Background information
- Born: 8 March 1944 Moscow, Russian SFSR, Soviet Union (present-day Russia)
- Occupation: Singer-songwriter
- Instrument: Seven-string guitar
- Years active: 1962–present
- Website: sergeytatiananikitiny.com

= Sergey Nikitin (musician) =

Soviet-Russian bard (born 1944)

Sergey Yakovlevich Nikitin (Note: Сергей Яковлевич Никитин) (born 8 March 1944) is a prominent Soviet and Russian bard, composer, and biophysicist. He performs both solo and in a duet with his wife, Tatyana Nikitina all over Russia, the former Soviet republics, and other countries with significant Russian-speaking diaspora. Nikitin is also known as a composer and performer of songs for children.

==Biography==
Sergey Nikitin graduated from the Physics Department of Moscow State University in 1968. After completing postgraduate studies at the department of Biophysics at Moscow State University, he worked as a researcher in Zelinsky Institute of Organic Chemistry in Moscow (1971–1980). In 1980–1987 he was a researcher at the Institute of Biophysics in Pushchino and received a PhD in Physics in 1983.

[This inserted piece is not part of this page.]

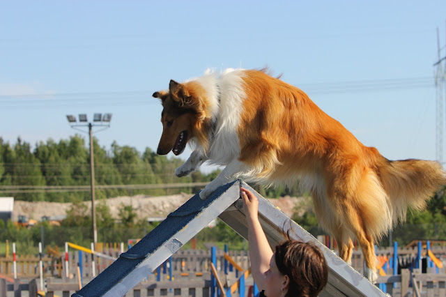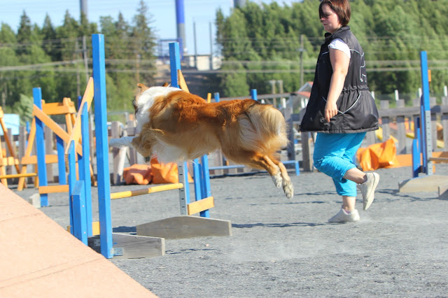 Ja meillähän oli myös sunnuntaina taas agility jedinkaa. Sielläkin oli nyt keppejä ja kontakteja, puomi ja A. ja lisäksi treenattiin takaakiertoa ja valssia. Ei ole helppoa ei :) kouluttaja kehui että Jedi on selvästi syttynyt tähän :) ja saadaan jatko kurssikin ja ehkä saadaan lupa mennä keskenään treenimään hallille :)
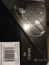 Vendo sandali JELLY, mai indossati x acquisto sbagliato sono neri di plastica con rosa, n.40, tacco 5 cm, con la scatola originale vendo a 7 euro, per altre informazioni non esitate a contattarmi.

Nikitin wrote music to his first song, En route (lyrics by Iosif Utkin), in 1962. In 1963, he founded an all-male quartet in the Department of Physics at Moscow State University, together with Sergey Smirnov, Boris Geller, Aleksei Monakhov, and later Vadim Khait.

From 1968 to 1977, he appeared at numerous concerts, together with other members of his quintet, including his wife, Tatyana Nikitina, Carmen Santacreu, Vladimir Ulin, and Nikolai Turkin. In 1987–1995, he was Musical Director at the Oleg Tabakov Studio-Theater in Moscow, and became a full-time singer and composer since 1995.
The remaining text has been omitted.